- EXERCISE DATA -

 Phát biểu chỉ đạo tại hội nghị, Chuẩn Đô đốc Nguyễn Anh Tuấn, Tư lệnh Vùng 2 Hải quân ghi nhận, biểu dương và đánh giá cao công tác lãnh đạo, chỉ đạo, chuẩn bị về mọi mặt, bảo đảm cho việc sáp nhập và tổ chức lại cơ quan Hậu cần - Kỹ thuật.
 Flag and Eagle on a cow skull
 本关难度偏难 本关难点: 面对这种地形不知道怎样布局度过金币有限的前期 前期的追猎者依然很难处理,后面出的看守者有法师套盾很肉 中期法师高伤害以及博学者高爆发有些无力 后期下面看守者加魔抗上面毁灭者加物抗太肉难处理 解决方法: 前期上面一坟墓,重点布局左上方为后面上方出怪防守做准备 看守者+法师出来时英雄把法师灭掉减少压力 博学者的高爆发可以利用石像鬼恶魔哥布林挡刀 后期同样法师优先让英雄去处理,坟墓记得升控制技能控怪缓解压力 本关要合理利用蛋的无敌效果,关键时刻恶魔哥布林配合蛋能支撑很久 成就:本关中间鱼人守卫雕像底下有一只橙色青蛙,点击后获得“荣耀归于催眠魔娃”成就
* * *
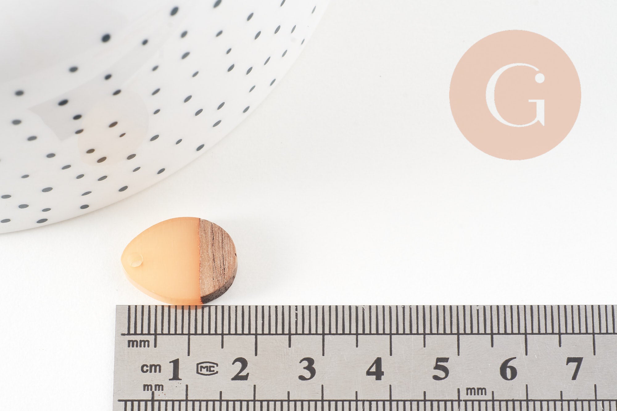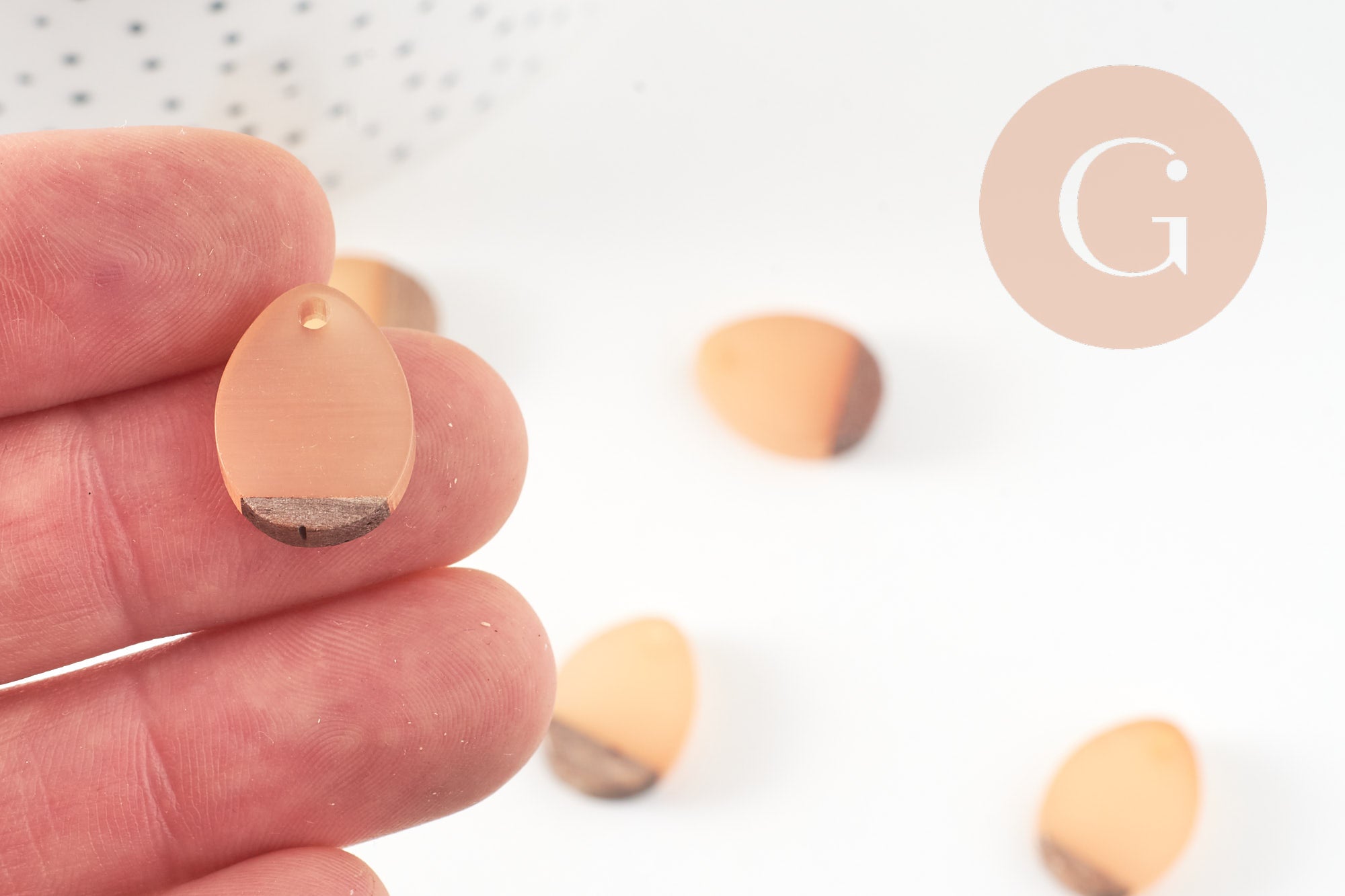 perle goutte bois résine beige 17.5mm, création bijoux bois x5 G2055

- PROBLEM TO WORK ON -
The required answer is the exact run of lines above starting at the line with "Phát biểu chỉ" and ending at the line with "本关难度偏难 本关难点: 面对这种地形不知道怎样布局度过金币有限的前期", with both ends present.

- ANSWER TO THE PROBLEM -
 Phát biểu chỉ đạo tại hội nghị, Chuẩn Đô đốc Nguyễn Anh Tuấn, Tư lệnh Vùng 2 Hải quân ghi nhận, biểu dương và đánh giá cao công tác lãnh đạo, chỉ đạo, chuẩn bị về mọi mặt, bảo đảm cho việc sáp nhập và tổ chức lại cơ quan Hậu cần - Kỹ thuật.
 Flag and Eagle on a cow skull
 本关难度偏难 本关难点: 面对这种地形不知道怎样布局度过金币有限的前期 前期的追猎者依然很难处理,后面出的看守者有法师套盾很肉 中期法师高伤害以及博学者高爆发有些无力 后期下面看守者加魔抗上面毁灭者加物抗太肉难处理 解决方法: 前期上面一坟墓,重点布局左上方为后面上方出怪防守做准备 看守者+法师出来时英雄把法师灭掉减少压力 博学者的高爆发可以利用石像鬼恶魔哥布林挡刀 后期同样法师优先让英雄去处理,坟墓记得升控制技能控怪缓解压力 本关要合理利用蛋的无敌效果,关键时刻恶魔哥布林配合蛋能支撑很久 成就:本关中间鱼人守卫雕像底下有一只橙色青蛙,点击后获得“荣耀归于催眠魔娃”成就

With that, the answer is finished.